A line below contains "おなかにゆとりを持たせた立体", and a later one contains "TrumpSet:AlluminationVintage:NoPrint Run:7Year Manufactured:2024". Repeat both, with every line between them, exactly.

Data |
● ● ● ● ●

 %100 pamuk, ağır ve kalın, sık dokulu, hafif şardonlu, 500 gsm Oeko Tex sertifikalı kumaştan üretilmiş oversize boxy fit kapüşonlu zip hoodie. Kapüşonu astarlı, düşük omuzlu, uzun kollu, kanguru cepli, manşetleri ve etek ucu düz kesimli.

● ● ● ● ●

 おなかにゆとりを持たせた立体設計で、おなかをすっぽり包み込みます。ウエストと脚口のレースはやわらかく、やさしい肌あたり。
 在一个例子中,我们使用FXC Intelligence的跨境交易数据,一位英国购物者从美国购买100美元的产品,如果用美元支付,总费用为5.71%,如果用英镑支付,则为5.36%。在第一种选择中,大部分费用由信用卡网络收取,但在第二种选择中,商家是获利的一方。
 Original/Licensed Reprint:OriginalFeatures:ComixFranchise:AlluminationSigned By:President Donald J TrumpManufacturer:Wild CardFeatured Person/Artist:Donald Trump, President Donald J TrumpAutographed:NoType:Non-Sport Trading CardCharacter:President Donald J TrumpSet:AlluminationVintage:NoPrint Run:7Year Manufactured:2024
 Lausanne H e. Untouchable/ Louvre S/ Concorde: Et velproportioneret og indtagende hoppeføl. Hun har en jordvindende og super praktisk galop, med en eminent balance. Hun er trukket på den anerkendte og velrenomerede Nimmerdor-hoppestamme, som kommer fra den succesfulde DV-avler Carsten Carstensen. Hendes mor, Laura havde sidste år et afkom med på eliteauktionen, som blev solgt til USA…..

● ● ● ● ●

Response area |
 おなかにゆとりを持たせた立体設計で、おなかをすっぽり包み込みます。ウエストと脚口のレースはやわらかく、やさしい肌あたり。
 在一个例子中,我们使用FXC Intelligence的跨境交易数据,一位英国购物者从美国购买100美元的产品,如果用美元支付,总费用为5.71%,如果用英镑支付,则为5.36%。在第一种选择中,大部分费用由信用卡网络收取,但在第二种选择中,商家是获利的一方。
 Original/Licensed Reprint:OriginalFeatures:ComixFranchise:AlluminationSigned By:President Donald J TrumpManufacturer:Wild CardFeatured Person/Artist:Donald Trump, President Donald J TrumpAutographed:NoType:Non-Sport Trading CardCharacter:President Donald J TrumpSet:AlluminationVintage:NoPrint Run:7Year Manufactured:2024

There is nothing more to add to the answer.